Pebble also asserts that the initiative fails the fair
and substantial relationship test because it is grossly
underinclusive and there is no good reason for this
underinclusive classification. Pebble argues that the initiative
is impermissibly underinclusive because it treats (1) existing
mines different[ly] from prospective mines, (2) non-metallic
mines different[ly] from metallic mines, (3) 640 acre mines
different[ly] from 639 acre mines, and (4) mines different[ly]
from all other potential polluters.
However, we agree with the lieutenant governor that
legislatures routinely must draw lines and create
classifications. As the United States Supreme Court has noted in
the equal protection context, we are guided by the familiar
principles that a statute is not invalid under the Constitution
because it might have gone farther than it did, that a
legislature need not strike at all evils at the same time, and
that reform may take one step at a time, addressing itself to the
phase of the problem which seems most acute to the legislative
mind. 77 Treating existing uses differently from new uses is a
fairly routine legislative practice known as grandfathering that
can be readily justified in terms of enhancing compliance,
avoiding economic disruption, and protecting settled expectations
and investments. Thus, we have noted in the equal protection
context that [a]cts conferring grandfather rights have generally
withstood equal protection challenges.78 As for distinguishing
metallic from non-metallic mines, the sponsors point out that
there is a policy basis for paying special attention to metallic
mining because it poses its own characteristic risks, such as the
high toxicity of metallic discharges for fish populations. The
National Research Council has noted that different types of
exploration and different types of mining and processing present
different levels of environmental risk and require differing
regulatory approaches.79 We do not consider it arbitrary to draw
a line based on mine size either. Legislation often draws lines
based on size or quantity (such as income tax brackets). It
stands to reason that larger mines pose greater pollution risks
than smaller ones and might be subject to greater regulation.

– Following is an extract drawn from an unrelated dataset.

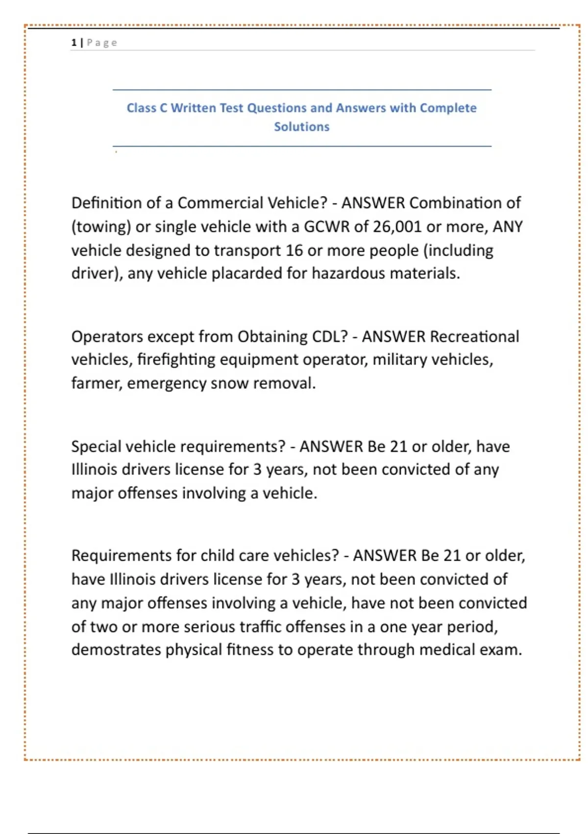 Illinois CDL |QUESTIONS & ANSWERS| already graded A+ (COMPLETE BUNDLE) UPDATED!!!

Nor is it unconstitutional to single out the mining industry in a
regulatory initiative. The fact that the initiative is limited
to a particular industry makes it no more constitutionally
suspect than Alaskas Title 27, which also singles out mining, or
Title 17, which singles out food and drugs.
Because on its face 07WTR3 is of general statewide
applicability, we conclude that it is not prohibited special or
local legislation. Although this alone is determinative on the
question of whether it is barred under article XI, section 7, we
also conclude that the initiatives provisions bear a fair and
substantial relationship to legitimate state purposes.
C. The Superior Court Correctly Concluded that the Summary
and Cost Statement Are Not Defective.
The Alaska Constitution and Alaska statutes require the
lieutenant governor, after certifying an application for an
initiative, to prepare a true and impartial summary of the
proposed initiative and an estimate of the cost to the state of
implementing the proposed law. Judge Blankenship concluded that
the lieutenant governors summary and cost statement for 07WTR3
satisfied these requirements. The Council contends that the
court erred in reaching that conclusion because the summary and
cost statements were inaccurate, incomplete, and misleading. We
disagree.
1. The summary statement
The superior court concluded that the ballot and
petition summary for 07WTR3 is a fair, true, neutral, and
impartial explanation of the main features of the initiatives
contents. The Council argues that Judge Blankenships conclusion
is in error because the summary is inaccurate and misleading.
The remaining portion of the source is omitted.